Use `dbt test --select test_is_valid_email_address` to run just that test.
67
What does the test run output show when a unit test fails?
It shows the actual vs. expected results, test name, time, and error summary to aid in debugging.
68
What should you verify before running a dbt unit test that uses `ref` inputs?
Ensure that all referenced models (e.g., `stg_customers`) are built or mocked, or run with `--empty` if testing in isolation.
69
Why did the `test_is_valid_email_address` initially fail even though the logic seemed correct?
The regex lacked proper escape characters, causing valid emails like `cool@example.com` to be marked invalid.
70
How can using fixture files instead of inline data help in unit testing?
Fixture files allow for reusable, organized test inputs and outputs, especially for large or complex datasets.
71
How does unit testing improve model reliability before production deployment?
It catches logical errors early, allows test-driven development, and ensures edge cases are handled correctly.
72
How can you unit test dbt incremental models in different modes?
You can override macros like `is_incremental` in the `overrides:` block of the unit test configuration to simulate either 'full refresh' (`false`) or 'incremental' (`true`) mode.
73
What does the `--empty` flag do for incremental model testing?
It builds an empty version of the model in the warehouse to satisfy dependencies without fully materializing the data.
74
When unit testing an incremental model, what should your expected output represent?
It should represent what will be inserted or merged (i.e., the result of the materialization), not the final state of the table.
75
What inputs are used in unit testing incremental models?
You can use `ref('events')` for new rows and `this` to simulate the current state of the model for incremental tests.
76
How do you simulate `is_incremental()` returning `false` in a unit test?
By using `overrides.macros` in your test config: `is_incremental: false`.
77
Can you currently test whether dbt performed the merge/insert correctly in an incremental model?

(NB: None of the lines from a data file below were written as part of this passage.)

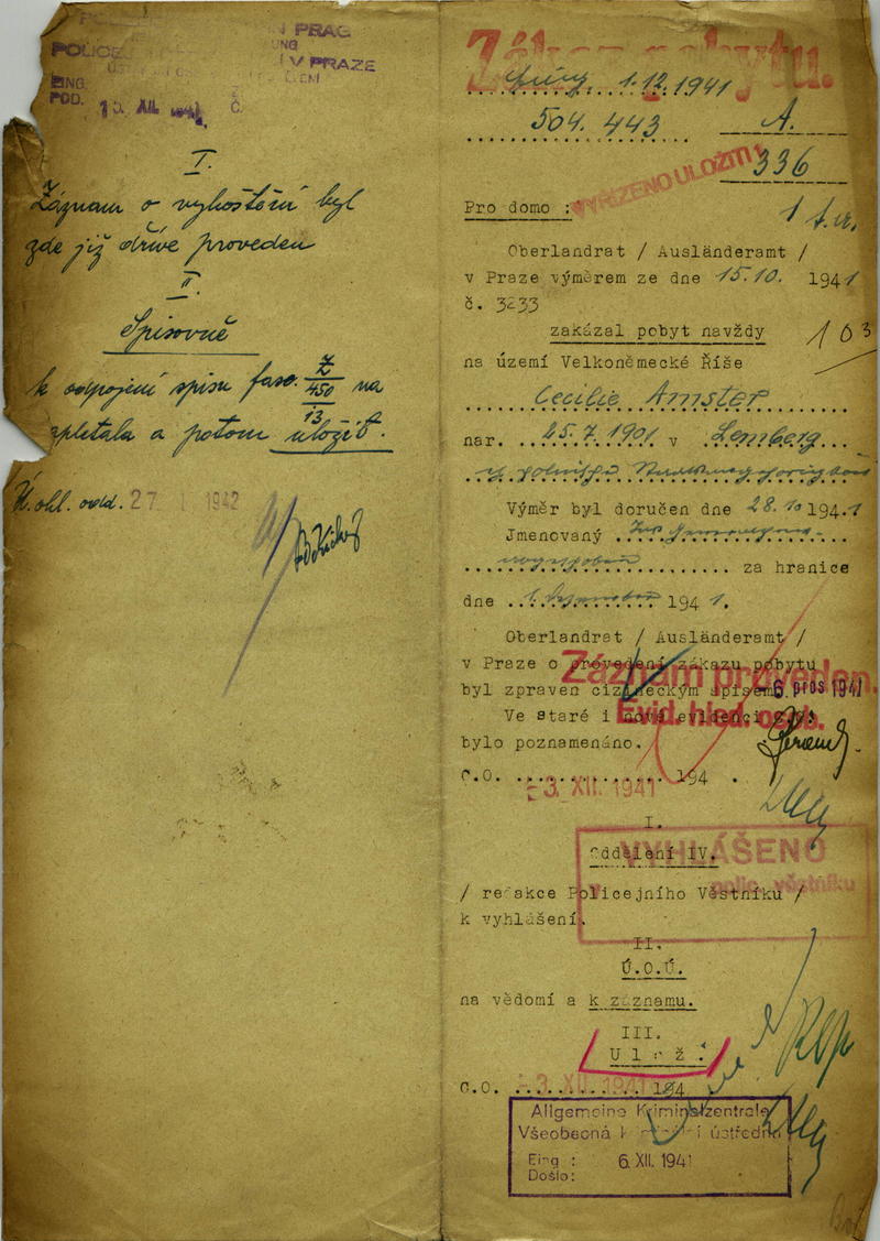 Amsterová Cäcilie: Záznam: zákaz pobytu na území Velkoněmecké říše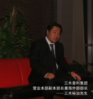 三木普利公司與羅升的合作已經30年(nian)之(zhi)久(jiu),與(yu)天(tian)津(jin)羅(luo)升(sheng)合(he)作(zuo)後(hou),在(zai)大(da)陸(lu)市(shi)場(chang)的(de)銷(xiao)售(shou)增(zeng)長(chang)率(lv)也(ye)是(shi)突(tu)飛(fei)猛(meng)進(jin),三(san)木(mu)公(gong)司(si)對(dui)此(ci)也(ye)向(xiang)羅(luo)升(sheng)公(gong)司(si)表(biao)示(shi)感(gan)謝(xie)。近(jin)日(ri),天(tian)津(jin)羅(luo)升(sheng)公(gong)司(si)訪(fang)問(wen)了(le)三(san)木(mu)普(pu)利(li)集(ji)團(tuan)營(ying)業(ye)本(ben)部(bu)副(fu)部(bu)長(chang)及(ji)海(hai)外(wai)部(bu)長(chang)三(san)木(mu)裕(yu)治(zhi)先(xian)生(sheng):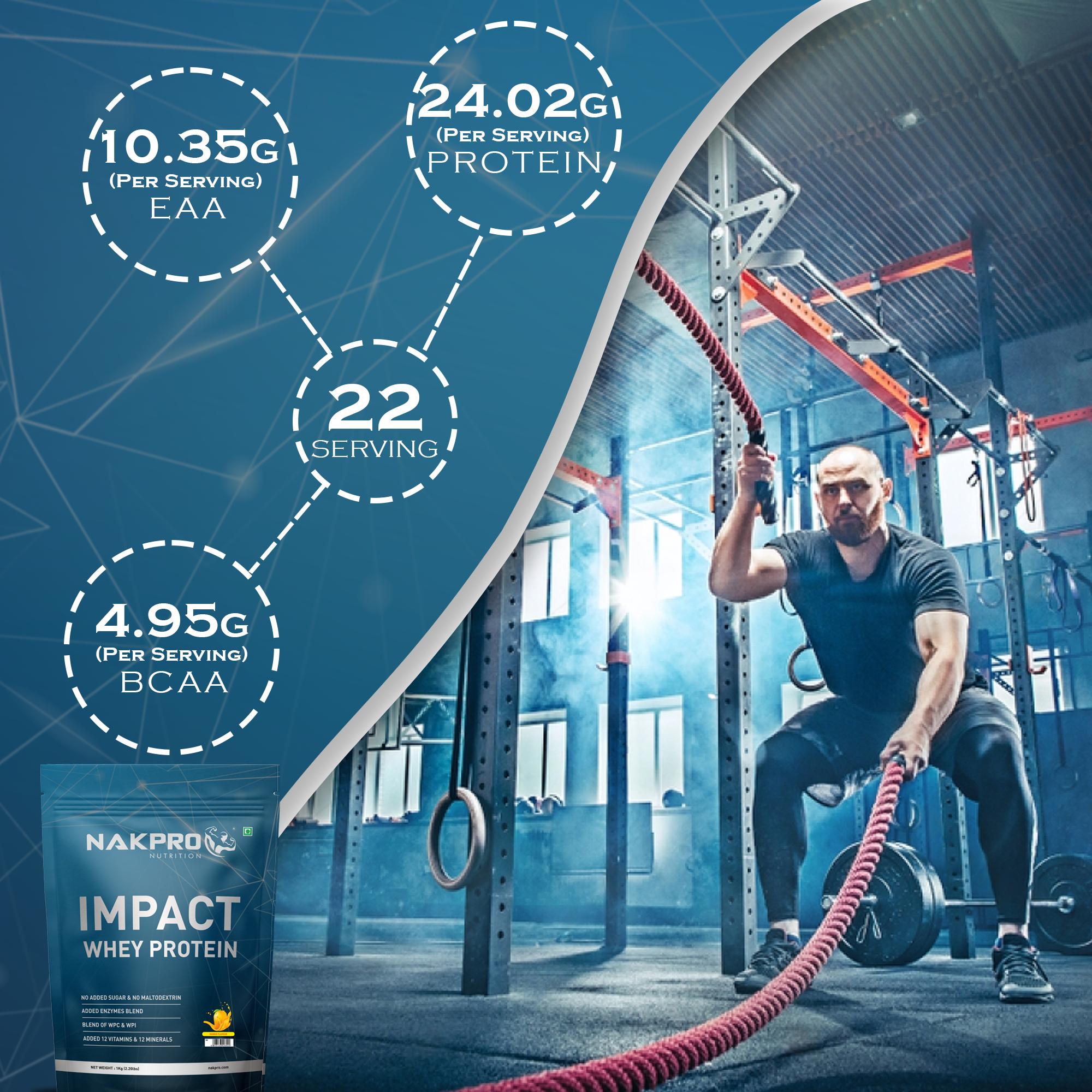 Nakpro Impact Whey Protein is a Premium three-blend of Whey Protein Isolate, Whey Protein Concentrate & Milk Solids. Impact Whey Protein helps to build and repair new muscle. Ideal for on-the-go, these delicious powders support and maintain various fitness goals. Whey Protein, or protein powder whey, is one of the most quickly absorbed proteins available, making it the perfect choice for post-workout recovery. It also provides branched chain amino acids (leucine, isoleucine, and valine) which are vital to maintaining healthy metabolism.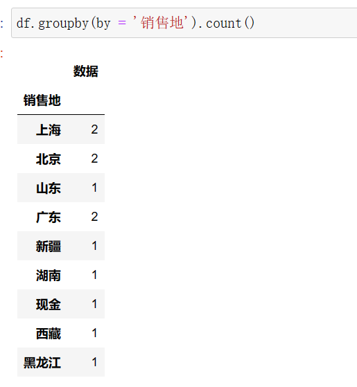 直接df['销售地'].value_counts(ascending=True)或者使用【哎呦喂 是豆子~】提出的df.groupby(by = '销售地').count()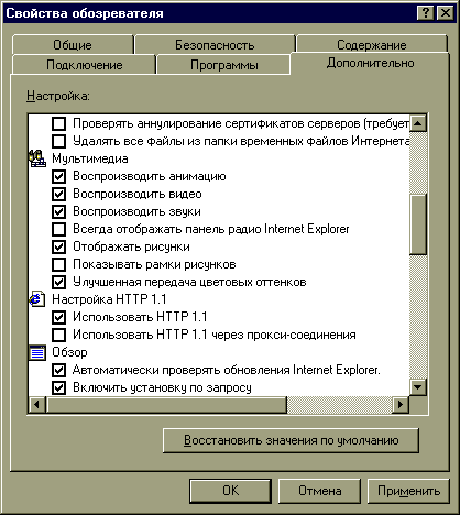 Рис. 3.6. Вкладка Дополнительно диалогового окна Свойства обозревателя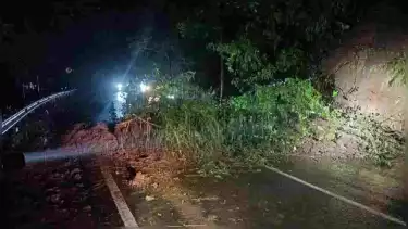 Sementara tebing longsor akibat hujan deras yang terjadi di wilayah Kecamatan Pujon hingga Kecamatan Ngantang, juga menutup akses jalur Malang - Kediri.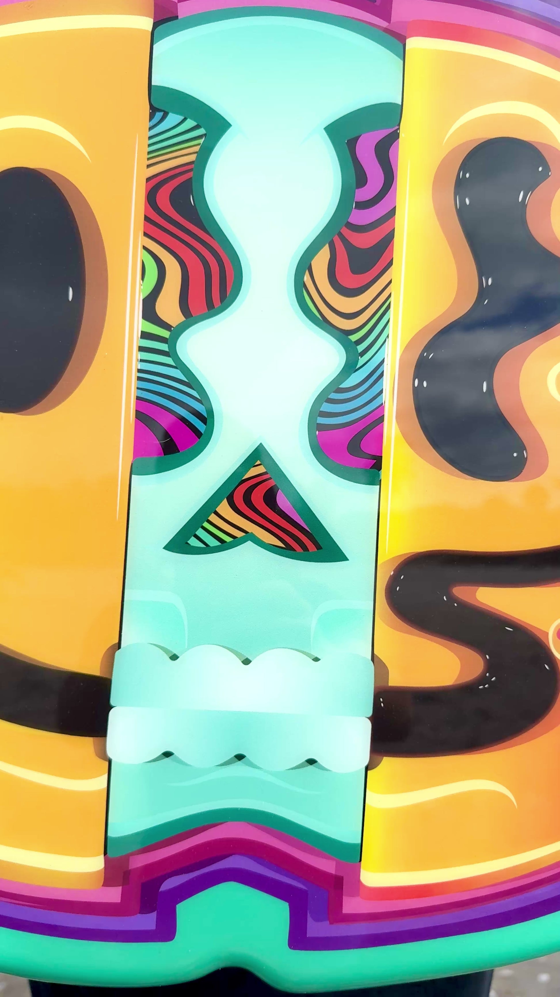 Description: These one off art prints are mounted onto hand cut, sanded, and spray painted composite board shapes. Sealed with an epoxy resin coating for an extra glossy look. No two are alike, as this color combination will only be made once. Signed and dated by the artist. NOTE** Please allow up to 10 business days for shipping. Free Shipping within the Continental US NOTE** FOR INTERNATIONAL SHIPMENTS ONLY - COST WILL BE CALCULATED AND BILLED AFTER PURCHASE.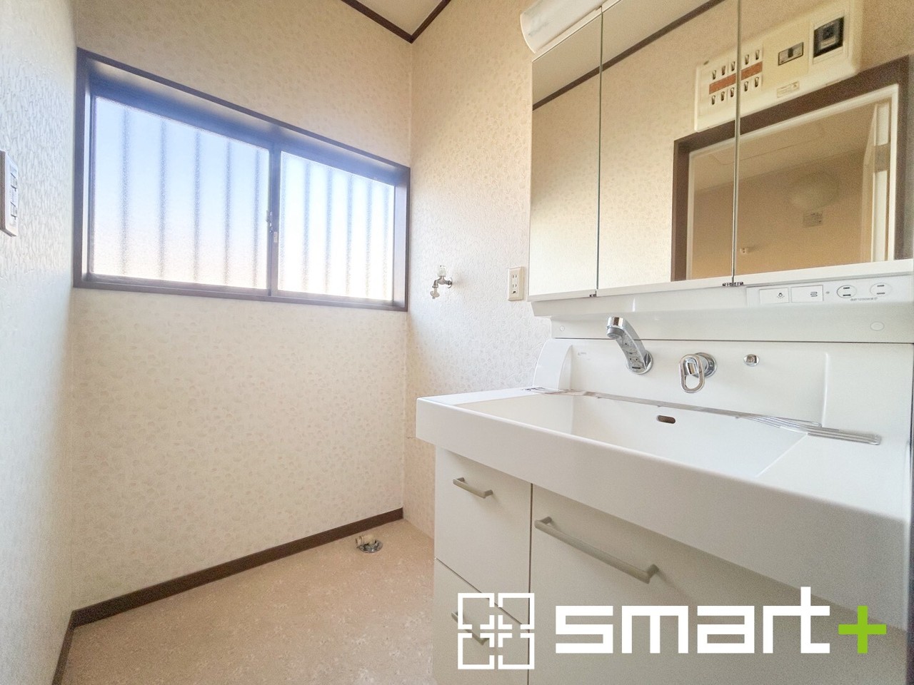 ~人気の三面鏡を採用~ ・洗面台は三面鏡仕様なので鏡の角度を変える事で頭の後ろの方までご確認可能です。 ・鏡の裏が収納になっておりますので、洗面台周りもスッキリと片付きます。

No, dbt does not yet support verifying whether records were actually merged/inserted; it only verifies the query logic.
78
How do you unit test a model that references an ephemeral model?
You must use `format: sql` in your unit test inputs and provide inline SQL that mimics the ephemeral model's output.
79
What format must be used in a unit test input for an ephemeral model?
Use `format: sql` with the actual SQL query defined in the `rows:` block.
80
What exit codes are used for unit tests in dbt?
Exit code 0 indicates a pass, and exit code 1 indicates a fail, regardless of how many records failed in the test.
81
How do unit test exit codes differ from data test exit codes in dbt?
Unit test exit codes reflect the pass/fail status of each test case, while data tests report the number of failing records.